In the graded self exposure, the doctor will tell you to create a list of all the situations that you can trigger your fear, and then put them in order, from the least frightening to the most frightening.  

 

You start with the least frightening situation and, with the support of your therapist, keep yourself there until you stop feeling anxious. You then move on to the next one and so tackle these frightening situations one by one. It is done in stages, each time making the situation a little more intense and frightening. 
  
Cognitive behavioral therapy (CBT)

Social phobia is closely associated with your self concept, the world and the people around you – people can make themselves anxious by the way that they think about situations. This treatment helps you to change the way that you think about yourself and other people.
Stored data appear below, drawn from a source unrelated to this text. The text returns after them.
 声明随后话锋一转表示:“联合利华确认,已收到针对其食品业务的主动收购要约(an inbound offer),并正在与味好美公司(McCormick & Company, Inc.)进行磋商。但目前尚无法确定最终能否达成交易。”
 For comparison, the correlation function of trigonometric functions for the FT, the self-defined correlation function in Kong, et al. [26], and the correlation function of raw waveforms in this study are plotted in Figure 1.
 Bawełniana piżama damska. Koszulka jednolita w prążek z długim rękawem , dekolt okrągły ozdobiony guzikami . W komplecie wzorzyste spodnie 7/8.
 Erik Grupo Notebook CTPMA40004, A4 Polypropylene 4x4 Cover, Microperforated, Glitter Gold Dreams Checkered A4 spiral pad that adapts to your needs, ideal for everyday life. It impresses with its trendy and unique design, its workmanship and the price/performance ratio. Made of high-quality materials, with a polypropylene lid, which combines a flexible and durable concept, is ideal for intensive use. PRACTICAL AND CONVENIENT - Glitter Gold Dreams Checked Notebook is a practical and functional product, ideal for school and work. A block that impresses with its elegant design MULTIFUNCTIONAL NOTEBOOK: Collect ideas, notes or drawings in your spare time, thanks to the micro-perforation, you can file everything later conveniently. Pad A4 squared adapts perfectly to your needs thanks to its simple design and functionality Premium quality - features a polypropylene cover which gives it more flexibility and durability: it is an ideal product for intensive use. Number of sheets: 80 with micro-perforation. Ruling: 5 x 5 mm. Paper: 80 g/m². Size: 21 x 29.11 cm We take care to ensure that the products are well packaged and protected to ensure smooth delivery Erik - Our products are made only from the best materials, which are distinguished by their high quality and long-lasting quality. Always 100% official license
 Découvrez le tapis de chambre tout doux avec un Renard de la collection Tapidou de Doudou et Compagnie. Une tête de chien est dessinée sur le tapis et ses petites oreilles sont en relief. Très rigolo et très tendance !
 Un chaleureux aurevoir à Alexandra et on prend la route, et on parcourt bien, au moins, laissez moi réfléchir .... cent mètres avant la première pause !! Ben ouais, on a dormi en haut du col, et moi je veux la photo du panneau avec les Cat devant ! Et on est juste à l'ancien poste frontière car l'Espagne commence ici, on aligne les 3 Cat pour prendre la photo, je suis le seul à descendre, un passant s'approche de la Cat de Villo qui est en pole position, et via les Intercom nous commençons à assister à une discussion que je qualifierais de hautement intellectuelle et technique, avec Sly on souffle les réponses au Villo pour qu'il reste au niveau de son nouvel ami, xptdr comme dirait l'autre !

The therapist will help you to be aware of:

The unhelpful impact on your behavior of thinking about these things all the time  - and the connections between these and your anxiety. 

Any safety behaviors

 

Any unhelpful rules, assumptions or predictions that you regularly use – and the physical sensations you get when they go through your mind

For example, take the situation when a conversation dries up. If you have a social phobia, you will tend to think it is your fault – you may have the automatic belief that “I never have anything to say” – and so you will start to feel anxious. In CBT, the therapist will try to help you to be aware that it is just as likely that the other person has run out of things to say. This is a more realistic and less worrying way of thinking about the situation. The therapist will help you to test these ideas out in your day to day life.

Social skills training

Social skills training helps people feel more relaxed and at ease when in other people’s company. It does this by teaching some of the simple social skills that we tend to take for granted – like how to start a conversation with a stranger.  You can practice with other people and do what is called ‘feedback’ – people watch themselves practicing on video to get an idea of what they are doing and how they appear to other people.